In conclusion, we have provided an overview of the literature that describes guidance to inform nurses practices when working with SOGI Peoples and specific interventions that have been used to improve the health outcomes of PLWH. The literature reviewed highlights that nurses have fought alongside SOGI Peoples throughout the HIV pandemic. Remaining challenges include overcoming discriminatory laws and policies that oppress SOGI Peoples or erode human and civil rights afforded to them and determining how to use technology ethically and effectively for the betterment of health among SOGI communities, for example, the use of data-driven algorithms and smartphone applications in HIV prevention. There are many opportunities for nurses to advance the HIV nursing state of science through further intervention research as well as evaluation of the efficacy of practice guidance. There is a need to integrate SOGI community concerns and approaches to improving health outcomes with them in nursing curricula (Burton et al., 2021). Literature reviewed highlights opportunities for integrating biomedical and information technology such as PEP and PrEP and mHealth interventions with SOGI communities. The literature reviewed revealed knowledge gaps that are amenable to nursing actions in relation to HIV among SOGI Peoples and our communities. Through integrated collaborative efforts, nurses can help SOGI communities achieve optimal health outcomes that are based on dignity and respect for human rights.

Disclosures

The authors report no real or perceived vested interests related to this article that could be construed as a conflict of interest.

Author Contributions

Consistent with the ICMJE criteria, all authors have made (a) substantial contributions to conception and design, acquisition of data, or analysis and interpretation of data; (b) participated in drafting the manuscript or revising it critically for important intellectual content; (c) given final approval of the version to be published; and (d) agree to be accountable for all aspects of the work in ensuring that questions related to the accuracy or integrity of any part of the work are appropriately investigated and resolved. Specific author contributions include: J. Craig Phillips: Conceptualization, methodology, formal analysis, investigation, and writing—original draft, visualization, supervision, and project administration. J. Hidayat: Conceptualization, methodology, formal analysis, data curation, formal analysis, investigation, and writing—review and editing. K. D. Clark: Conceptualization, methodology, formal analysis, investigation, and writing—original draft, visualization. J. Melisek: Conceptualization, methodology, formal analysis, and writing—review and editing. M. S. Balthazar: Formal analysis, investigation, and writing—review and editing. A. G. D. Beck: Conceptualization, formal analysis, investigation, and writing—review and editing. S. E. Moore: Formal analysis, investigation, methodology, and writing—review and editing. C. Dawson-Rose: Conceptualization, methodology, formal analysis, and writing—original draft, supervision.

Key Considerations

SOGI Peoples and our communities are disproportionately affected by HIV disease. HIV rates are highest among transgender people, cisgender gay men, and other MSM. The literature on HIV risk behaviors of cisgender lesbians and other WSW are outdated and may be insufficient to inform nursing practices with these women. Nurses who identify as SOGI People have contributed to advancing the state of HIV nursing science; however, there are additional opportunities to engage them and all SOGI Peoples in efforts to address HIV in our communities. The Yogyakarta Principles and Yogyakarta + 10 Principles offer nurses a human rights framework to engage with and provide care to SOGI Peoples and our communities that respects human dignity and helps achieve the human rights goal of health for all.
  57 in total

Review 1.  Health problems of gay and bisexual men.

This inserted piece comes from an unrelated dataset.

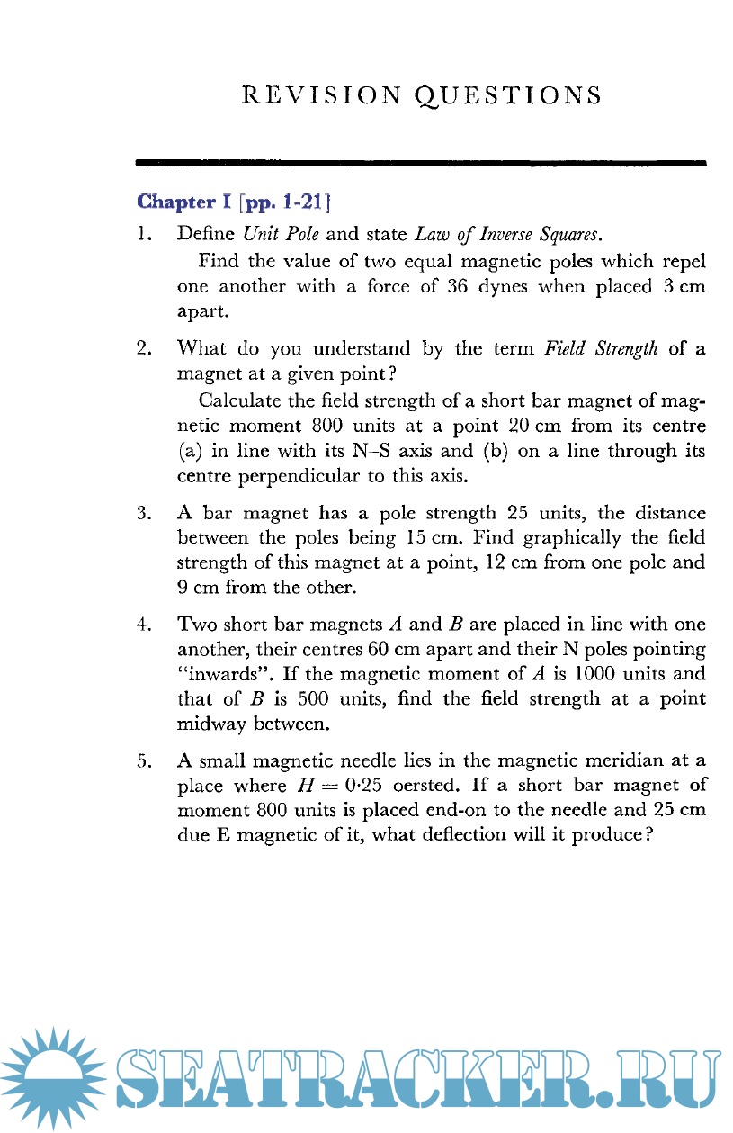 Field Strength, Moment, Long and Short Magnet, Restoring Couple

Authors:  P J Ungvarski; A H Grossman
Journal:  Nurs Clin North Am       Date:  1999-06       Impact factor: 1.208

2.  From intention to STI prevention: An online questionnaire on barriers and facilitators for discussing sexual risk behaviour among HIV nurses.

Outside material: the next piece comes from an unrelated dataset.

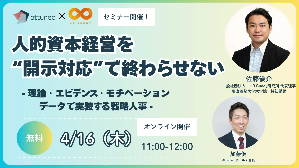 「部下と本音で話せている感覚がない」 世代や働き方が多様化する中、社員同士のコミュニケーションについての悩みが多く寄せられます。こうした声に対し、Attunedはモチベーションの見える化を通して、社内におけるコミュニケーション/人間関係の改善をサポートしています。 本セミナーでは、Attunedのエキスパートが製品の考え方・特徴を余すことなくご紹介するので、他サービスとの違いを実際の画面を見ながら...

Authors:  Suzanne de Munnik; Sigrid C J M Vervoort; Heidi S M Ammerlaan; Gerjo Kok; Chantal den Daas
Journal:  J Adv Nurs       Date:  2017-08-01       Impact factor: 3.187

3.  Gay clients with AIDS: new challenges for hospice programs.

Authors:  H Andersen; P MacElveen-Hoehn
Journal:  Hosp J       Date:  1988

4.  Characterizing the Structure and Functions of Social Networks of Men Who Have Sex with Men in Ghana, West Africa: Implications for Peer-Based HIV Prevention.

Authors:  Geoffrey Maina; Gillian Strudwick; Yasmin Lalani; Francis Boakye; Leo Wilton; LaRon E Nelson
Journal:  J Assoc Nurses AIDS Care       Date:  2017-07-20       Impact factor: 1.354

5.  Acquired immune deficiency syndrome: a new epidemic.

Authors:  J P Griffin
Journal:  Crit Care Nurse       Date:  1983 Mar-Apr       Impact factor: 1.708

Review 6.  Chronic illness care for lesbian, gay, & bisexual individuals.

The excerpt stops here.